Promulguée en 1948 dans les temps troublés de l’après-guerre, la loi « Fueiho » avait pour but d’empêcher prostitution et rassemblements criminels. Elle fournissait un prétexte tout trouvé pour boucler les boites de nuit où s’organisaient ce type d’activités.
Mais plus de 60 ans après, elle est toujours en application. Largement contournée pendant des années par la plupart des établissements de divertissement, la loi Fueiho s’est soudainement vue remise au goût du jour suite à la mort d’une étudiante de 22 ans lors d’une bagarre dans un club d’Osaka en 2010. Monté en épingle par les politiques et les médias, ce dramatique fait divers a déchaîné le zèle de la police multipliant raids et arrestations. Avec à chaque fois cet aberrant chef d’accusation : un déhanché trop prononcé ou trop rythmé à minuit passé…

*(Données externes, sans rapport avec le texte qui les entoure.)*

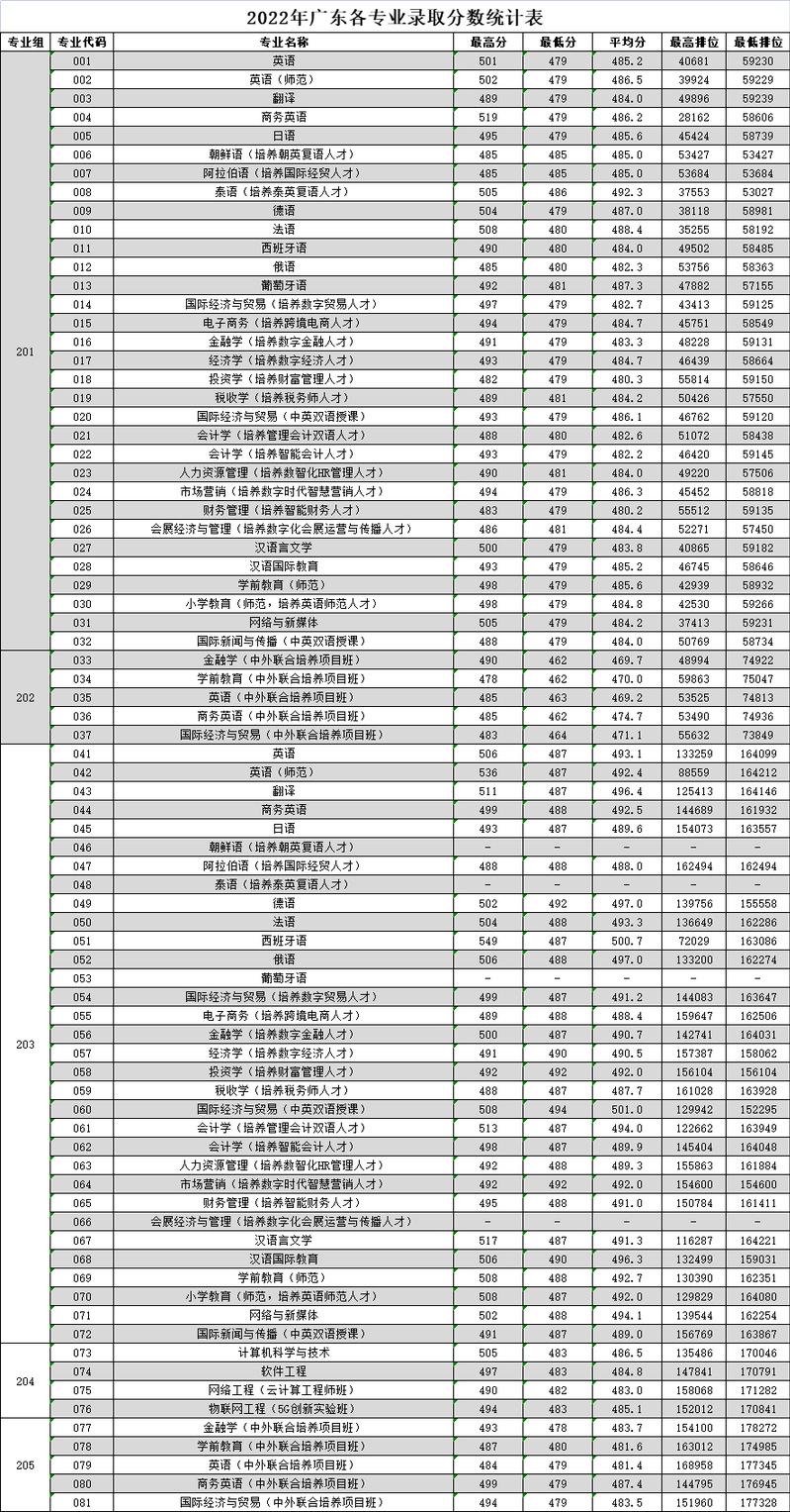 2022年广东各专业录取分数统计表(夏季普通高考)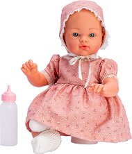 Куклата бебе Мария от "Asi" е с височина 43 cm. За направата ѝ е вложен ръчен труд, като са използвани нетоксични материали с най-високо качество. За тялото на бебето е използван приятен на допир винил. Куклата ще ви впечатли с изключително изразителните и пленителни черти, които я правят съвършена, почти като истинско бебе. Производителят на куклата е положил много усилия и в създаването на тоалет за куклата бебе, така че той да отговаря на Мария, която сама по себе си е съвършена. Тя е облечена в бяла рокличка на райета и цветчета, а на главата си има шапка в тон с роклята, която се завързва посредством ... |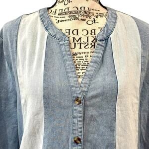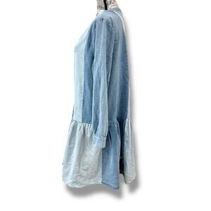 Entro Size L Blue Cotton Chambray Shirt Dress Pockets Color Block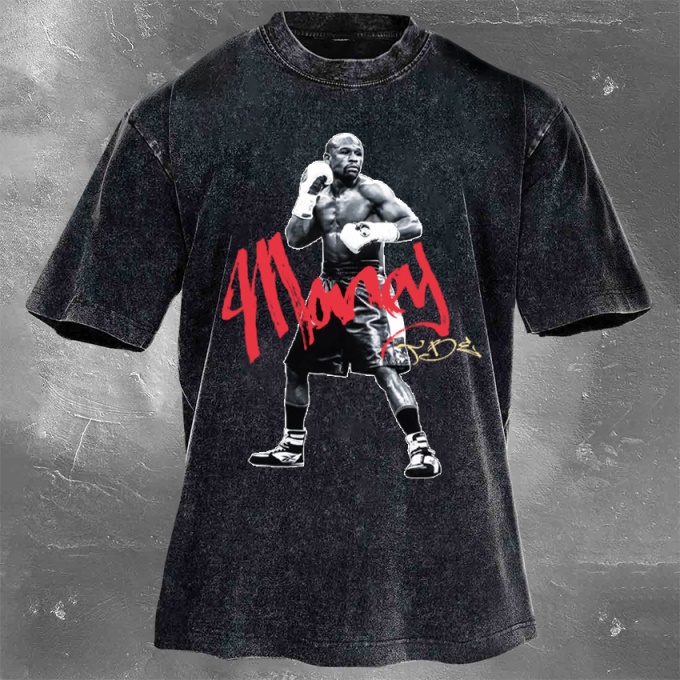 Street Fitness Boxing Print Washed Vintage Short Sleeve 05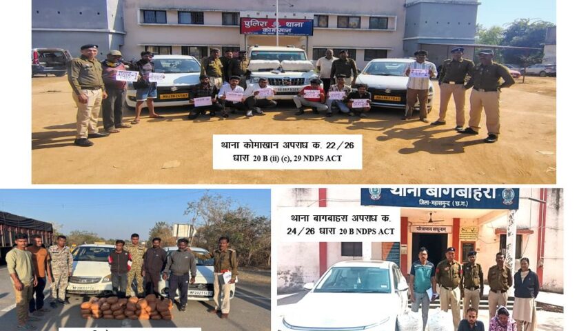 थाना- कोमाखान । एन्टी नारकोटिक टॉस्क फोर्स एवं कोमाखान पुलिस द्वारा दिनांक 09/02/2026 को मुखबीर के सुचना के आधार पर नाकाबदी कर वाहन चेंकिग के दौरान बोलेरो वाहन बोलेरो क्रमांक OD08P0321 से मादक पदार्थ गांजा 40 किग्रा जिसकी कीमत 20,00,000 रूपए को अवैध परिवहन करते पाया गया जिस पर अवैध मादक पदार्थ गांजा एवं परिवहन में प्रयुक्त बोलेरो वाहन को जब्त किया गया है। प्रकरण में 06 संलिप्त आरोपियों के विरूद्ध अपराध धारा 20(बी) नारकोटिक एक्ट का पाये जाने से आरोपियों को विधिवत गिर० कर अपराध क्रमांक – 22/26 धारा – 20(b)(2)(c),29 NDPS एक्ट दर्ज कर अग्रीम कार्यवाही की जा रही है। प्रकरण में विवेचना जारी है तथा नेटवर्क से जुडे़ अन्य संलिप्त व्यक्तियों, वित्तीय लेन-देन एवं संपत्तियों की पहचान कर आगे वैधानिक कार्यवाही की जावेगी।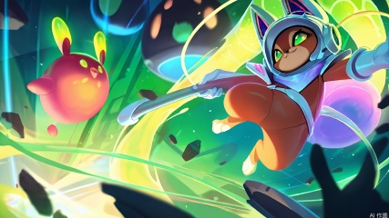 YXLM, Digital art, fantasy, sci-fi, dynamic composition, vibrant colors, glowing elements, high contrast, neon green and purple, futuristic setting, robot-like character with cat ears and a helmet, pointing with one hand, holding a glowing staff in the other, intricate armor with glowing green accents, intricate details, floating platforms, floating creatures, dynamic lighting, energy beams, floating debris, energetic atmosphere, otherworldly landscape, sci-fi architecture, neon lights, high-tech environment, sense of motion, glowing green eyes, floating structures, intricate design, sci-fi aesthetic, neon glow, glowing elements, high-tech, glowing green staff, glowing green accents, glowing green eyes, glowing green background, glowing green energy beams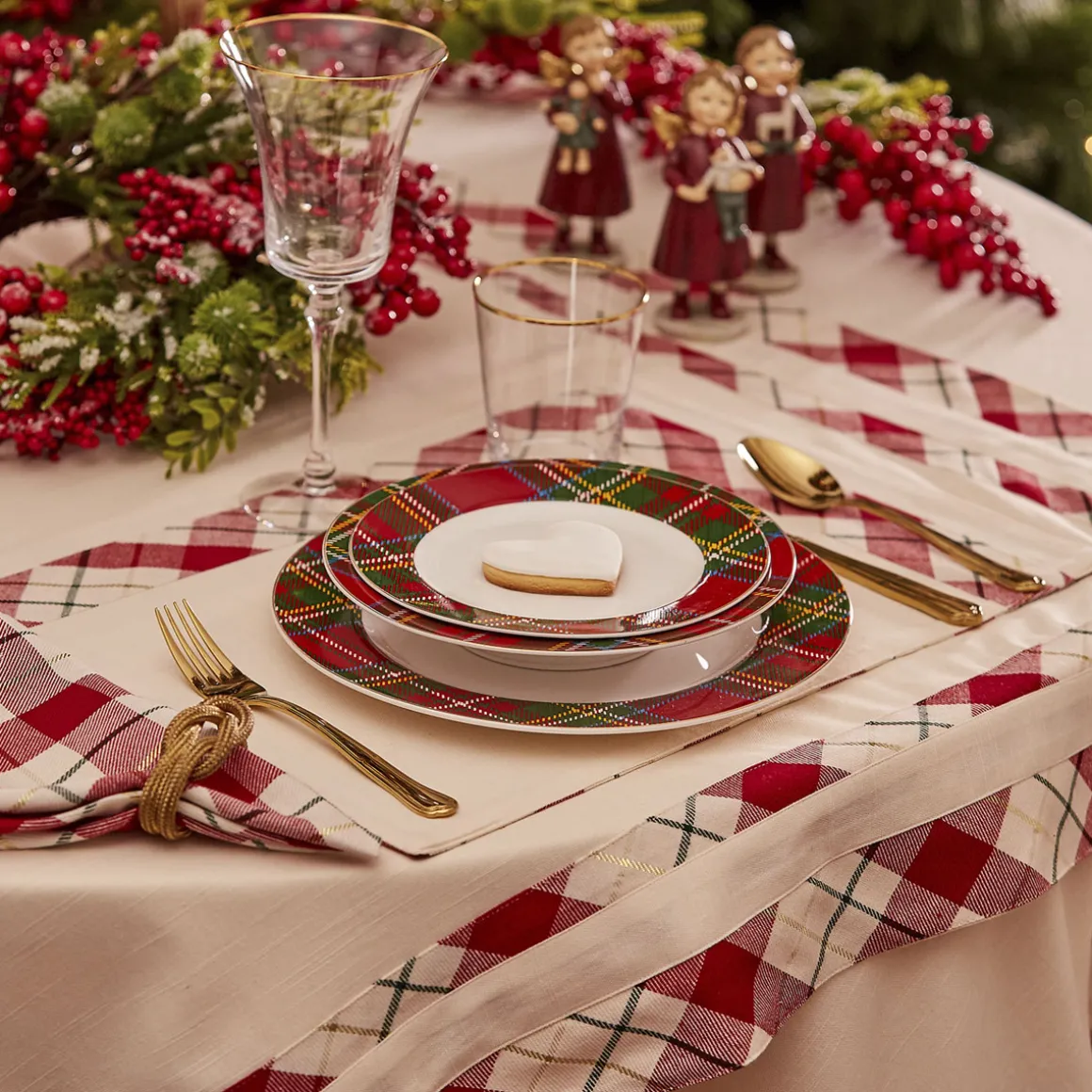 Tovaglietta americana tinta unita rossa o panna con bordo applicato a quadri e filo lurex oro, ideale per la tua tavola durante il periodo di Natale .

Loin d’être anecdotique, les effets de cette loi se matérialisent par d’intrigantes petites affiches à l’entrée de nombre de discothèques : « No dancing » !
Les touristes qui ont pu les apercevoir ont aussi pu les prendre pour une blague, d’autant que les clubs où ils se rendent majoritairement ne semblent nullement affectés. A vrai dire, c’est le milieu underground nippon qui en pâtit le plus. Le phénomène aurait pu rester méconnu sans le documentaire Real Scenes: Tokyo réalisé par Patrick Nation et Clockwise Media pour Resident Advisor, diffusé au début de l’année dernière et qui met en lumière les conséquences de la loi Fueiho sur la scène électro :
Le documentaire montre aussi la résistance qui s’est organisée contre cette archaïque et aberrante législation, notamment avec le mouvement Let’s DANCE qui fait circuler pétitions et organise manifestations en tout genre – comme un sit-in sous forme de dancefloor au pied de l’immeuble du gouvernement de Tokyo.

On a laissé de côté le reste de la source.